Mümtaz babamla Yalın Bey ve Pervin Hanım sık sık çalışma odasında bir araya geliyorlar. Hemen hemen her gün ya bir avukat ya başka bir eleman bizde. Pervin Hanım’ın bir ayağı adeta karşıda. Bazen birkaç gün gelmediği oluyor. Evin restorasyonu yakında başlayacakmış. Velhasıl Hocam, Salih’in o günkü temennileri sanırım gerçekleşecek.
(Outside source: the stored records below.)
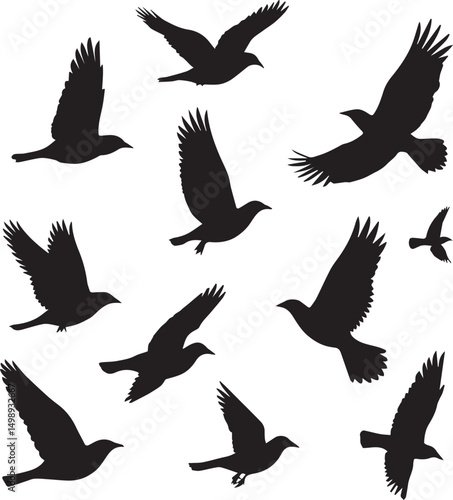 Fototapeta premium Art & Illustration Flying bird silhouette vector pack with multiple wing...
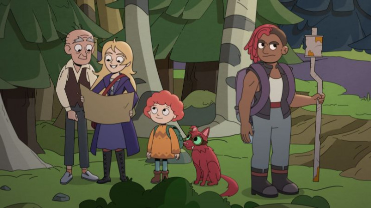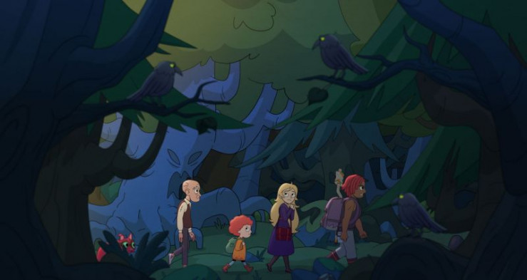 Albert, Ormhildur, Gudrun und Brunhid laufen durch den düsteren Wald des Rabenkönigs
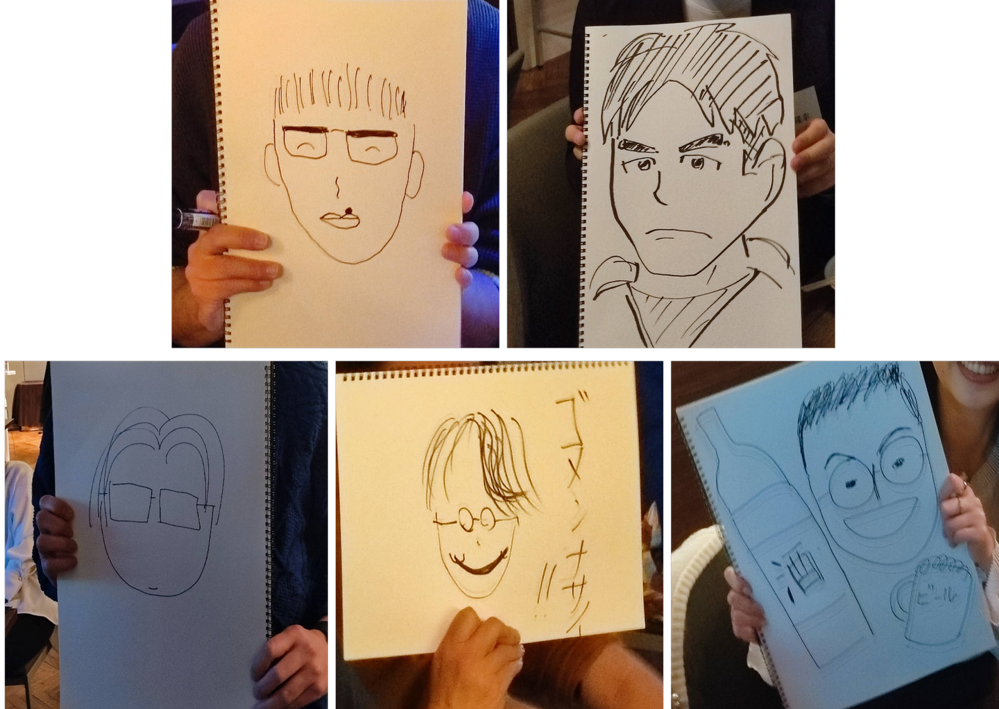 チーム対抗で豪華景品をかけた勝負で、各チームから絵に自信がある?ありそう?(笑)なメンバーが選出され、代表で似顔絵を書いていきます。
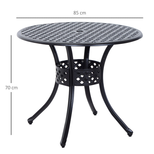 Outsunny 85cm Round Garden Table with Umbrella Hole, Aluminium Grid Motif Outdoor Dining Table for Garden Patio, Black

Bu koşuşturma Pervin Hanım’a yaradı. Bayağı kendine geldi. Geçen gün benimle dertleşirken sizden söz etti. Ayrılmadan önce muhakkak size gelecekmiş. Güzel değil mi Hocam? Boğaz’da bir kapımız olacak. Avrupa ve Asya arasında gidiş gelişler başlayacak. Ne vakittir bizimkiler kendi köşelerine çekildiler. Onları köşelerinden çekmemiz lazım.

Nur bu konuda haklı. Son zamanlarda ben de köşeme çekildim. 

Bir haftadan fazladır hepimiz yorgan döşek yatıyoruz. Soğuk mu aldık; yoksa birinden mikrop mu geçti, bilmiyorum. Uzun zamandır Nur’dan da haber yok. Muhakkak onlarda da bir sıkıntı var. Evden çıkmam mümkün değil. Telefon etsem sesimden hastalığım anlaşılacak. Bu da Nur’un veya Salih’in gelmesi demek. Böyle olmasını da istemiyorum. En iyisi her şeyi oluruna bırakmak. 

Ve birkaç gün sonra akşama doğru bir telefon:

.Hocam. Sizi arayamadım. Biraz sıkıntılarımız oldu da. Melek’le Kula’daydık. Yeni geldik. Anne yadigarı dayım çok hastaydı. Son günlerinde yanında olmak istedim. Geçen gün de kaybettik. Burada da bazı sıkıntılar var. Gevher Hanım’ı dün hastaneye yatırdılar. Pervin Hanım, bu hızlı koşuşturmada düşmüş, kolunu kırmış. Neyse ki sol kol. Kusura bakmayın. Hep kötü haberler veriyorum. Ne zamandır sizi arayamadım ve sebebini açıklamak istedim. Ama bunların yanında çok güzel bir haberim var. Sıkı durun Hocam; çünkü şaşıracaksınız. Hamza Bey ve hanımı gelecek salı umreye yolcular. Ve hep birlikte uğurlamaya gideceğiz.

Gerçekten şaşırıyorum. Kırk yıl düşünsem aklıma gelmez. Rabbimin işine akıl, sır ermez. Bu güzel haberi eşime vermeliyim. Muhakkak sevinecektir. Nitekim öyle oluyor. Hatta her yere zorla götürdüğüm eşimin verdiği tepki sevinmekten de öte, şaşırtıyor.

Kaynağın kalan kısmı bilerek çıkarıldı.